[Exercise prompt]
Give the entries again exactly as they appear, but without the images.

[Provided data]
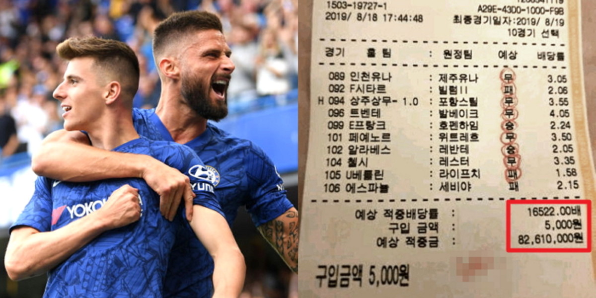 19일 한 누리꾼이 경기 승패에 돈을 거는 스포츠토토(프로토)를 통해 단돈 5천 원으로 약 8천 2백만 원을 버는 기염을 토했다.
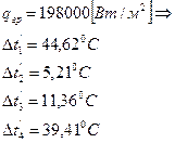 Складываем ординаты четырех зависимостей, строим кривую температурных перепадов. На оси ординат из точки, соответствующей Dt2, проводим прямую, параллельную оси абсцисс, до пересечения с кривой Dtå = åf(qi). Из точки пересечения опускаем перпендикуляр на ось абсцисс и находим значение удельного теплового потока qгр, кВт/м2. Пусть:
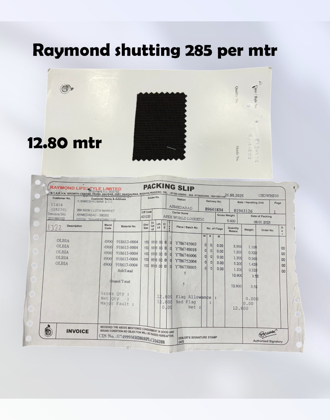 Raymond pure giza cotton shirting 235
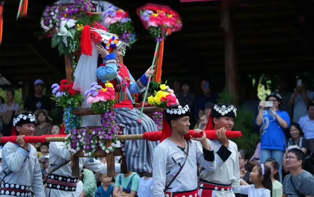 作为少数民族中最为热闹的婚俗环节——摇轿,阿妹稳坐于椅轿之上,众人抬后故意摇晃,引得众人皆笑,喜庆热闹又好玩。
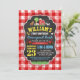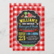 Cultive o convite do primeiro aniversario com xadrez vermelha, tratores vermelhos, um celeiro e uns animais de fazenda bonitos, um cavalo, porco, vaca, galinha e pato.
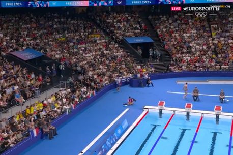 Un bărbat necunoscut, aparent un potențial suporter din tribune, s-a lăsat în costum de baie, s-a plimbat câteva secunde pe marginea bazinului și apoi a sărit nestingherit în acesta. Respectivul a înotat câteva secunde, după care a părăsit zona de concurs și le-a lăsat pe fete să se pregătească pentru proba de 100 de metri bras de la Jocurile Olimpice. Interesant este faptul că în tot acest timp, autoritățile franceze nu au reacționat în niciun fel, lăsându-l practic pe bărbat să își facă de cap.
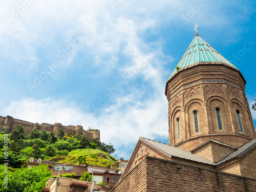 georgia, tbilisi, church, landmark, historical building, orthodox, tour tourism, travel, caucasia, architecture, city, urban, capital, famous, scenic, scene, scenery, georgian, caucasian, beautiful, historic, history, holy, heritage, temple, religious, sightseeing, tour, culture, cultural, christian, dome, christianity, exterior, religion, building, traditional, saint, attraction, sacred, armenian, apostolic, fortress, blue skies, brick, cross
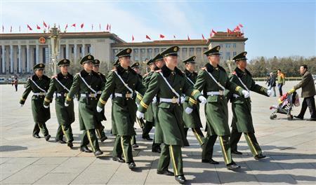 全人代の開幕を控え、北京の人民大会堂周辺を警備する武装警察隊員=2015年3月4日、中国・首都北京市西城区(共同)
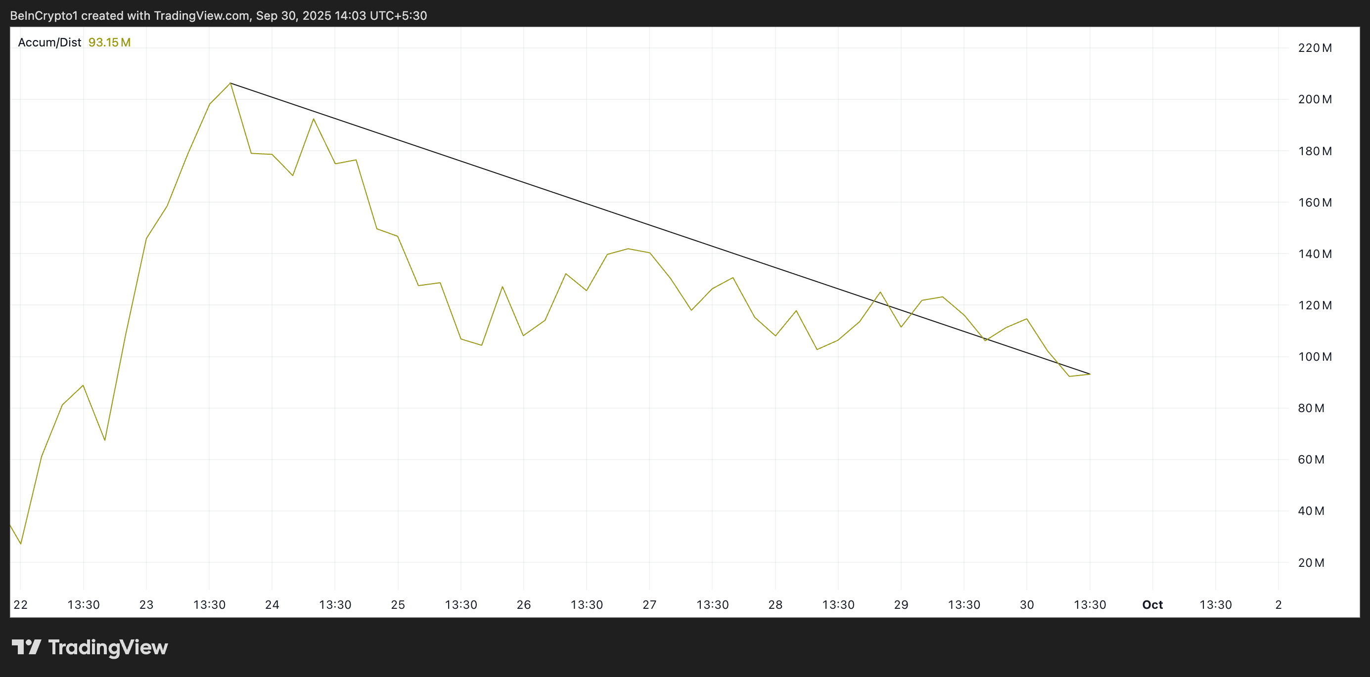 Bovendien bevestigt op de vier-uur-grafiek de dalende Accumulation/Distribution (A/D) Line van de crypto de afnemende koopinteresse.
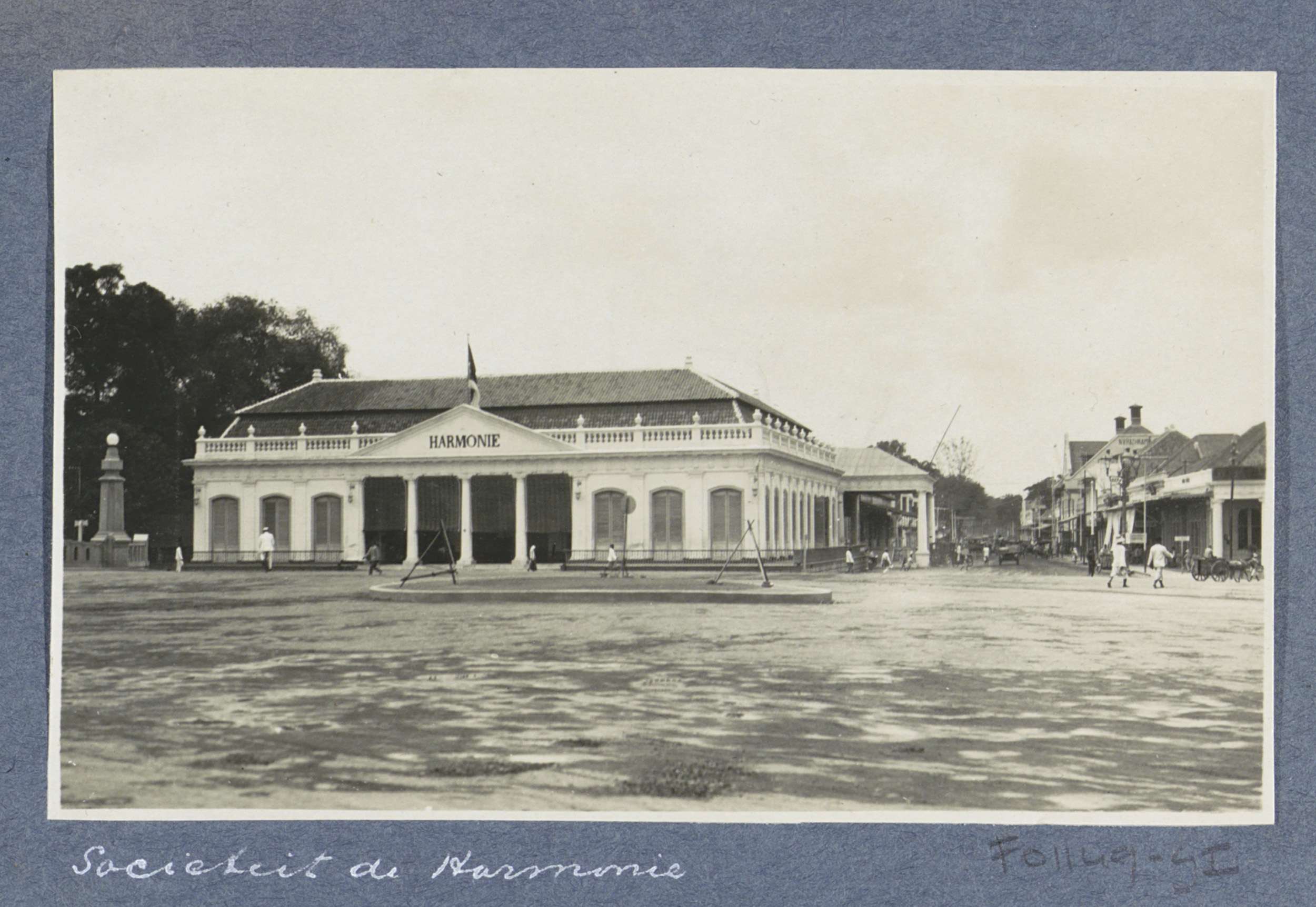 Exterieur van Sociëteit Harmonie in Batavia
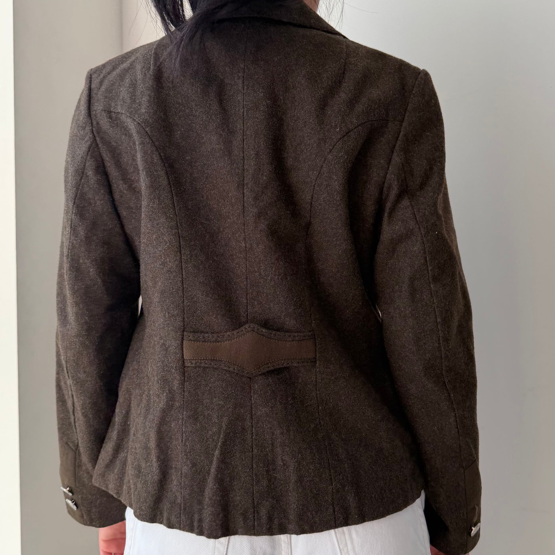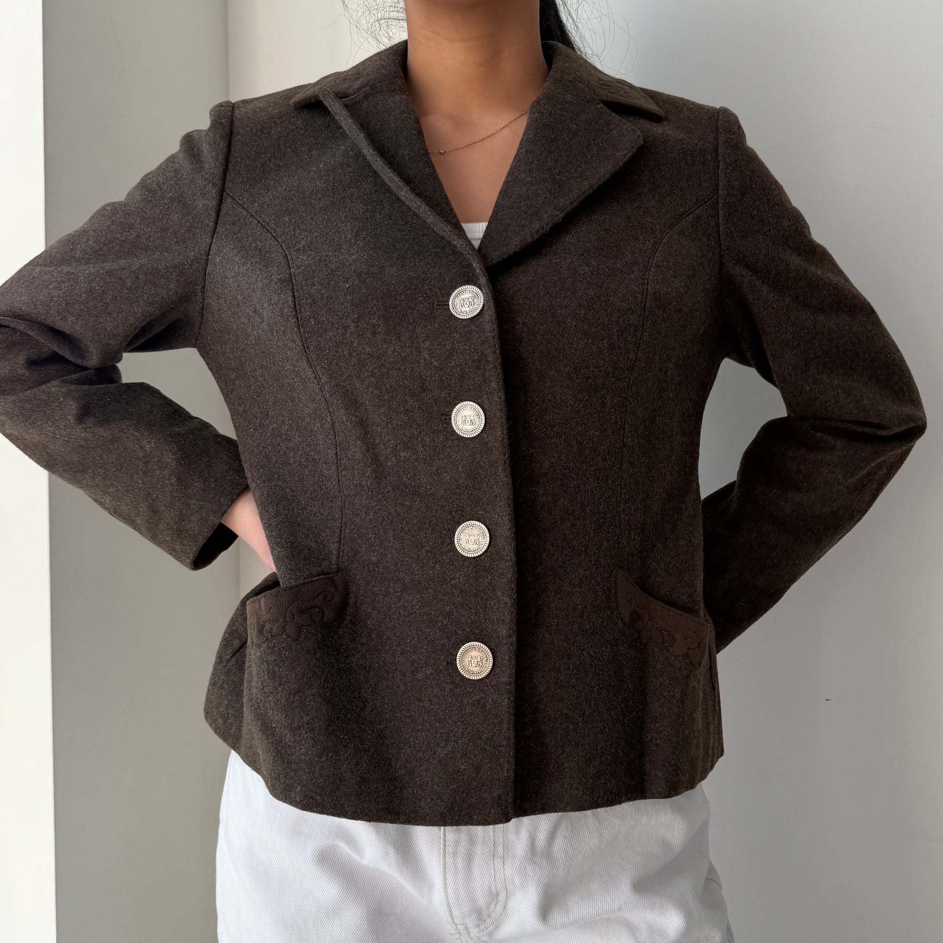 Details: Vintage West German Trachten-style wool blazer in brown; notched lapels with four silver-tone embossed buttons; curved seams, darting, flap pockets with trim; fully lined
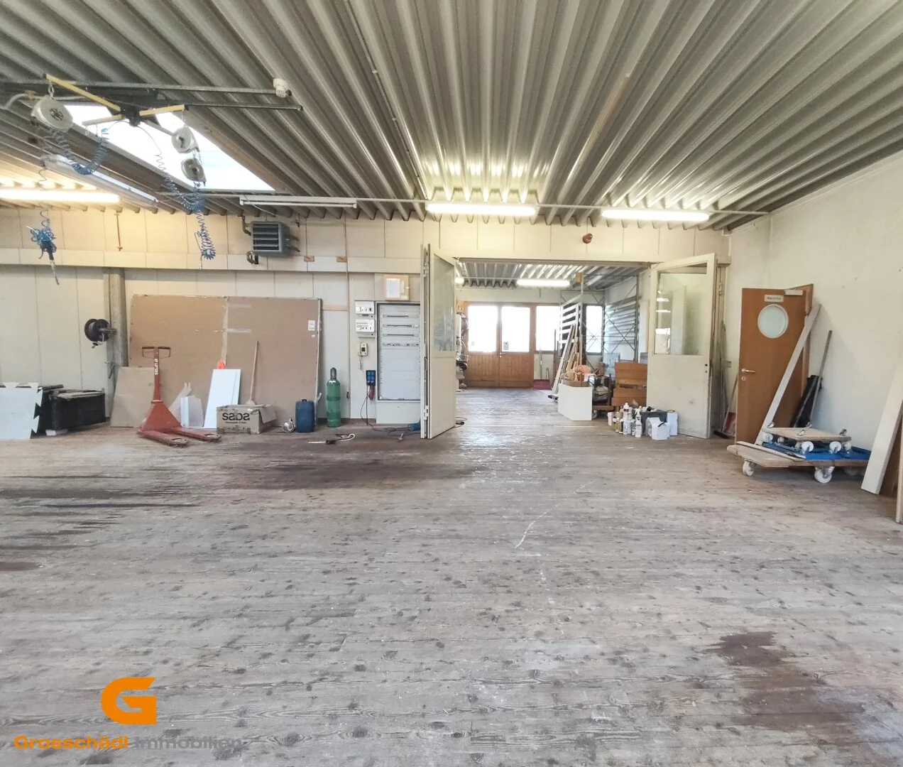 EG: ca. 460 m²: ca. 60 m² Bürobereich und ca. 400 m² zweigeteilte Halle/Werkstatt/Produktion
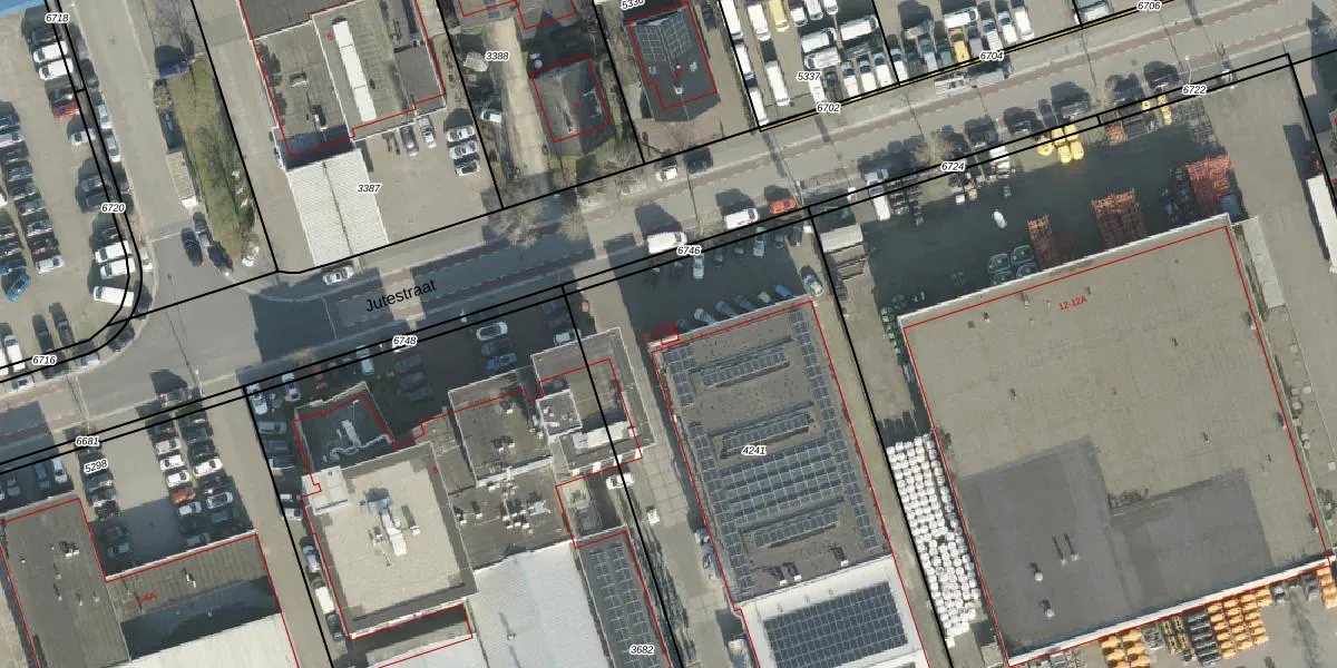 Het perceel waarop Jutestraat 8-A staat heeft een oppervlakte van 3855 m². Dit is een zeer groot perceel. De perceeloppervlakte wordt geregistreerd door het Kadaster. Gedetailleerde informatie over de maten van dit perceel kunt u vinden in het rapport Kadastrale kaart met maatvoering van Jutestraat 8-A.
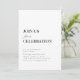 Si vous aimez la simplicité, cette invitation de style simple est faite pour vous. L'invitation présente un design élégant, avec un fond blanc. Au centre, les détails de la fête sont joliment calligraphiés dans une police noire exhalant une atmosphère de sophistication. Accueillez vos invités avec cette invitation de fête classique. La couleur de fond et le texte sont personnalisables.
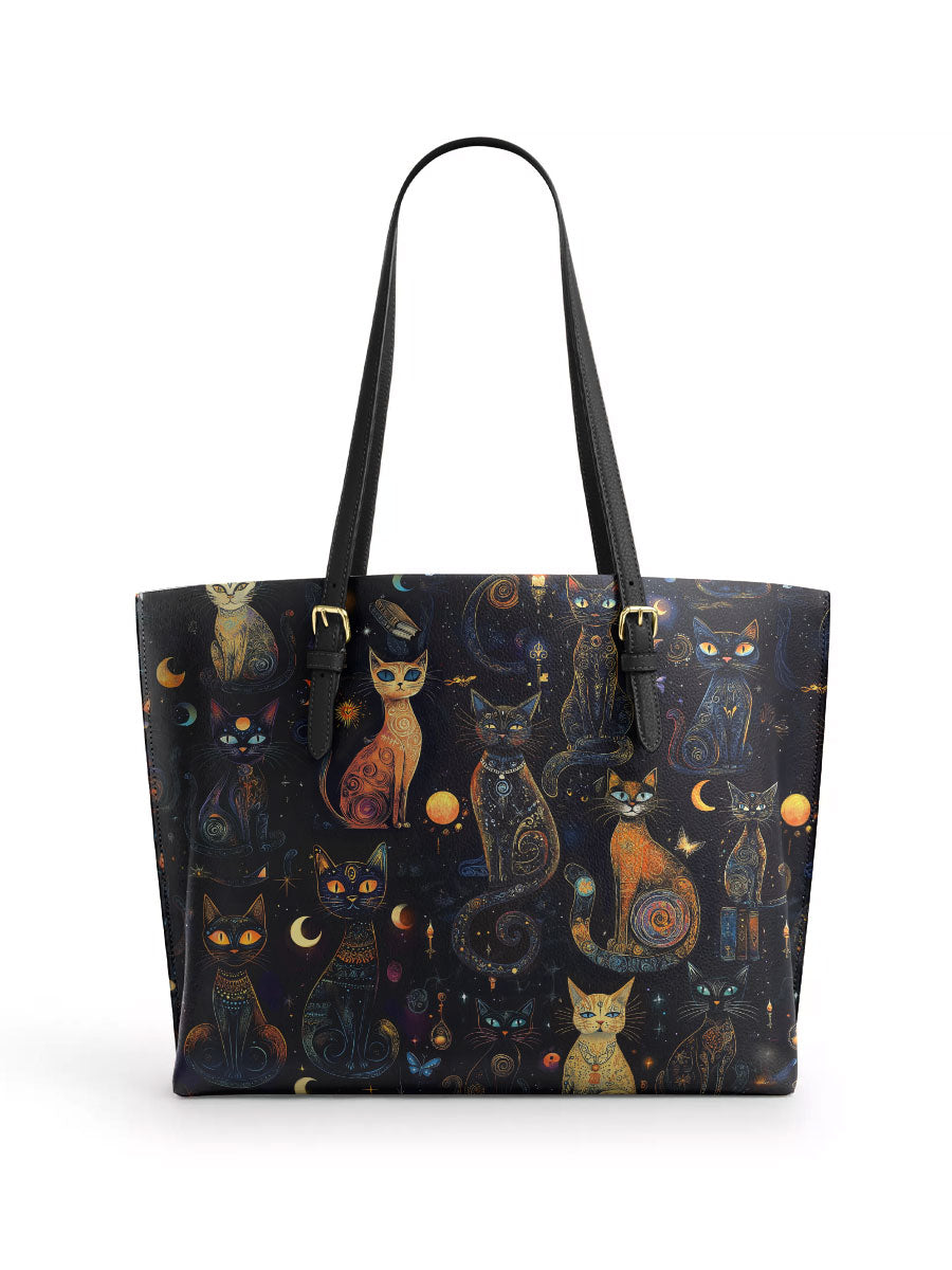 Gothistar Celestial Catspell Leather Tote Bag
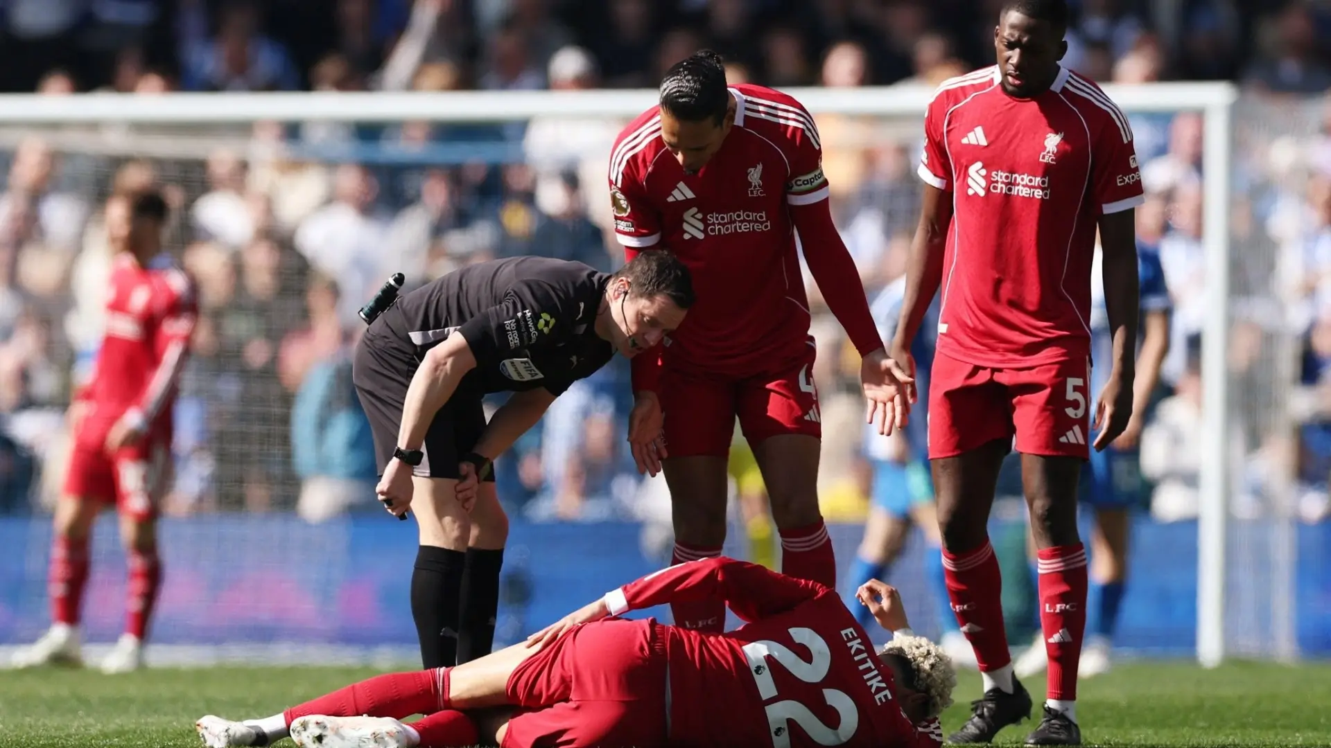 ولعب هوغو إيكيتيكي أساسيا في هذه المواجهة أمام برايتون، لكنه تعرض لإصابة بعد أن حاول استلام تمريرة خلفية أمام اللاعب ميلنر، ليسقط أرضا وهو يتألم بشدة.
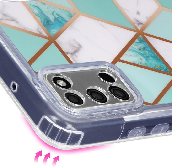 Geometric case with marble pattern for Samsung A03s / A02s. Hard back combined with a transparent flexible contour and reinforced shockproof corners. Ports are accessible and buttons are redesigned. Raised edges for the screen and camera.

[Reply]
 19일 한 누리꾼이 경기 승패에 돈을 거는 스포츠토토(프로토)를 통해 단돈 5천 원으로 약 8천 2백만 원을 버는 기염을 토했다.
 Складываем ординаты четырех зависимостей, строим кривую температурных перепадов. На оси ординат из точки, соответствующей Dt2, проводим прямую, параллельную оси абсцисс, до пересечения с кривой Dtå = åf(qi). Из точки пересечения опускаем перпендикуляр на ось абсцисс и находим значение удельного теплового потока qгр, кВт/м2. Пусть:
 Raymond pure giza cotton shirting 235
 作为少数民族中最为热闹的婚俗环节——摇轿,阿妹稳坐于椅轿之上,众人抬后故意摇晃,引得众人皆笑,喜庆热闹又好玩。
 Cultive o convite do primeiro aniversario com xadrez vermelha, tratores vermelhos, um celeiro e uns animais de fazenda bonitos, um cavalo, porco, vaca, galinha e pato.
 Un bărbat necunoscut, aparent un potențial suporter din tribune, s-a lăsat în costum de baie, s-a plimbat câteva secunde pe marginea bazinului și apoi a sărit nestingherit în acesta. Respectivul a înotat câteva secunde, după care a părăsit zona de concurs și le-a lăsat pe fete să se pregătească pentru proba de 100 de metri bras de la Jocurile Olimpice. Interesant este faptul că în tot acest timp, autoritățile franceze nu au reacționat în niciun fel, lăsându-l practic pe bărbat să își facă de cap.
 georgia, tbilisi, church, landmark, historical building, orthodox, tour tourism, travel, caucasia, architecture, city, urban, capital, famous, scenic, scene, scenery, georgian, caucasian, beautiful, historic, history, holy, heritage, temple, religious, sightseeing, tour, culture, cultural, christian, dome, christianity, exterior, religion, building, traditional, saint, attraction, sacred, armenian, apostolic, fortress, blue skies, brick, cross
 全人代の開幕を控え、北京の人民大会堂周辺を警備する武装警察隊員=2015年3月4日、中国・首都北京市西城区(共同)
 Bovendien bevestigt op de vier-uur-grafiek de dalende Accumulation/Distribution (A/D) Line van de crypto de afnemende koopinteresse.
 Exterieur van Sociëteit Harmonie in Batavia
 Details: Vintage West German Trachten-style wool blazer in brown; notched lapels with four silver-tone embossed buttons; curved seams, darting, flap pockets with trim; fully lined
 EG: ca. 460 m²: ca. 60 m² Bürobereich und ca. 400 m² zweigeteilte Halle/Werkstatt/Produktion
 Het perceel waarop Jutestraat 8-A staat heeft een oppervlakte van 3855 m². Dit is een zeer groot perceel. De perceeloppervlakte wordt geregistreerd door het Kadaster. Gedetailleerde informatie over de maten van dit perceel kunt u vinden in het rapport Kadastrale kaart met maatvoering van Jutestraat 8-A.
 Si vous aimez la simplicité, cette invitation de style simple est faite pour vous. L'invitation présente un design élégant, avec un fond blanc. Au centre, les détails de la fête sont joliment calligraphiés dans une police noire exhalant une atmosphère de sophistication. Accueillez vos invités avec cette invitation de fête classique. La couleur de fond et le texte sont personnalisables.
 Gothistar Celestial Catspell Leather Tote Bag
 ولعب هوغو إيكيتيكي أساسيا في هذه المواجهة أمام برايتون، لكنه تعرض لإصابة بعد أن حاول استلام تمريرة خلفية أمام اللاعب ميلنر، ليسقط أرضا وهو يتألم بشدة.
 Geometric case with marble pattern for Samsung A03s / A02s. Hard back combined with a transparent flexible contour and reinforced shockproof corners. Ports are accessible and buttons are redesigned. Raised edges for the screen and camera.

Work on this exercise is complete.